3. Website Investico, 26 mei 2020, «Geitenbokjes veel te vroeg naar de s…
4. Website Eyes on Animals, november 2020, «Welzijn geitenbokken in beel…
5. Vakblad Geitenhouderij, 18 februari 2021, «Eén aanvraag goedgekeurd, Sbv opnieuw open», Eén aanvraag goedgekeurd, Sbv opnieuw open – Geitenhouderij (vakbladgeitenhouderij.nl).
6. Website Follow the Money, 3 februari 2021, «Groei intensieve veehouderij leidt tot nieuwe dier-op-mens-ziekten», Groei intensieve veehouderij leidt tot nieuwe dier-op-mens-ziekten – Follow the Money – Platform voor onderzoeksjournalistiek (ftm.nl).
  • Vraag 1
    Heeft u inmiddels het rapport «Welzijn geitenbokken in beeld» van Eyes on Animals gelezen, zoals u heeft toegezegd tijdens het meest recente Kamerdebat op 8 december 2020 over dieren in de veehouderij?1, 2

    Ja.

  • Vraag 2
    Kunt u bevestigen dat in 2020 naar schatting 80 tot 90% van de geitenbokjes één week na de geboorte al naar de slacht is afgevoerd, doordat het overschot aan geitenbokjes als gevolg van de coronacrisis groter was dan ooit?3

    Geitenhouders zijn verplicht de geboorte van een lam te registreren in het Identificatie & Registratie systeem (hierna: I&R systeem).

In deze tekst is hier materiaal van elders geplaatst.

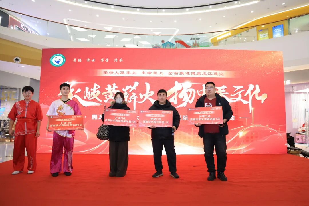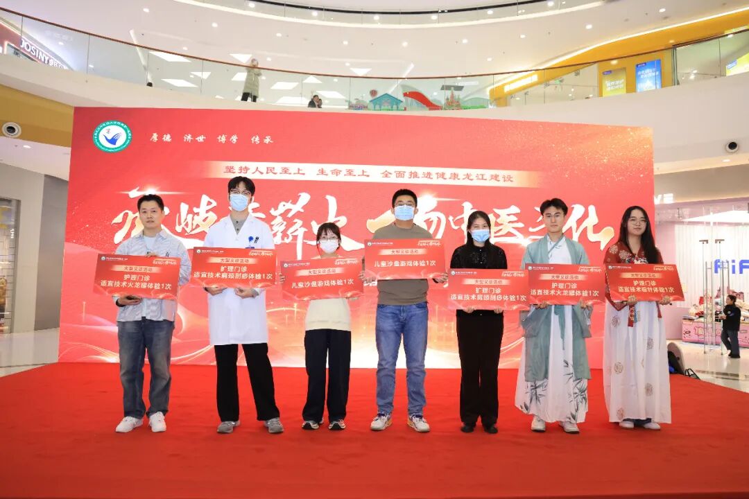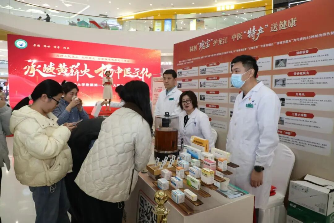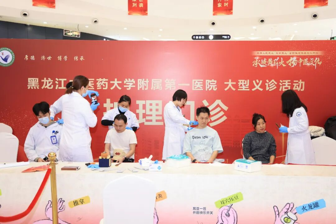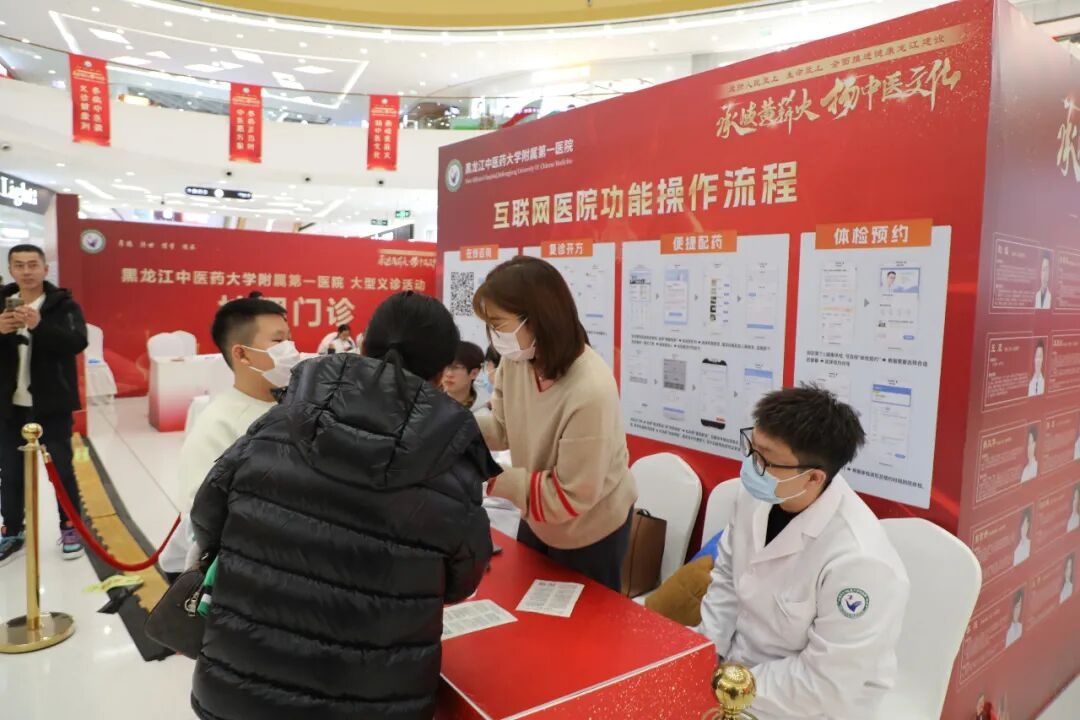 为积极践行人民至上、生命至上的理念,全面推进健康龙江建设,11月28日,黑龙江中医药大学附属第一医院携省内中医骨干专家团队、中医特色诊疗与养生好物进商圈,以“承岐黄薪火 扬中医文化”为主题,在哈尔滨融创茂商场开展大型中医健康惠民义诊活动,诊疗服务3000余人次,让广大市民在休闲逛街之余,沉浸式感受中医药的独特魅力,解锁中医药“一站式”健康养生服务新模式。

Tot 1 november 2020 diende een geboortemelding uiterlijk binnen 6 maanden plaats te vinden. Het I&R-systeem bood daarbij optioneel de mogelijkheid om de exacte geboortedatum te vermelden, maar dit was tot 1 november 2020 niet verplicht. De ervaring van de Rijksdienst voor Ondernemend Nederland (RVO) is dat het merendeel van de geitenhouders gebruik maakte van de optionele mogelijkheid om de exacte geboortedatum te registreren, maar niet allemaal. Dit maakt dat de informatie over de exacte geboortedatum en daarmee over de leeftijd waarop lammeren zijn afgevoerd naar slachthuizen niet altijd overeenkomt met de werkelijke situatie.
    In het I&R-systeem is het volgende geregistreerd over de afvoer van lammeren naar slachterijen.
    2016
    144
    3.698
    18.223
    18.064
    51.988
    2017
    54
    1.974
    18.350
    17.188
    64.260
    2018
    7
    1.478
    15.939
    23.009
    67.542
    2019
    1
    997
    19.353
    25.235
    69.731
    2020
    18
    671
    30.576
    31.570
    57.859
    2021
    2
    1.306
    32.028
    20.145
    16.834
    Het is aannemelijk dat met name de categorieën 0 dagen en 1 tot 7 dagen geen accurate weergave van de werkelijkheid zijn. Lammeren mogen pas getransporteerd worden als de navelstreng is ingedroogd. Dit duurt ongeveer 7 dagen. Bij aankomst in het slachthuis wordt hier op gecontroleerd. Aangenomen wordt dat een deel van de geitenhouders bij de registratie van de geboorte van een lam de datum van registratie ook als geboortedatum heeft opgegeven. In het geval de afvoer van de betreffende lammeren (geitenbokjes) vervolgens op dezelfde dag of in de daarop volgende dagen heeft plaatsgevonden wordt dit geregistreerd als afvoer op dezelfde dag of binnen een week na geboorte.
    De I&R gegevens over de afgelopen jaren laten wel zien dat, onder invloed van de coronacrisis, er een toename is geweest van het aantal geitenlammeren dat in de eerste twee weken naar het slachthuis is afgevoerd. Gelijktijdig is het aantal lammeren dat in de leeftijd van 28 dagen en ouder naar het slachthuis is afgevoerd afgenomen (over het lopende jaar 2021 zijn deze cijfers nog niet volledig). De conclusie die door Eyes on Animals wordt getrokken, dat 80 tot 90% van de lammeren binnen een week is afgevoerd naar het slachthuis, wordt door de I&R gegevens niet bevestigd.

  • Vraag 3
    Klopt het dat het vlees van bokjes van slechts één week oud voor een groot deel naar de destructie gaat? Zo nee, wat gebeurt er dan met hun vlees? Zo ja, wat vindt u ervan dat zulke jonge dieren worden gefokt, geboren en geslacht om tenslotte naar de destructie te worden afgevoerd?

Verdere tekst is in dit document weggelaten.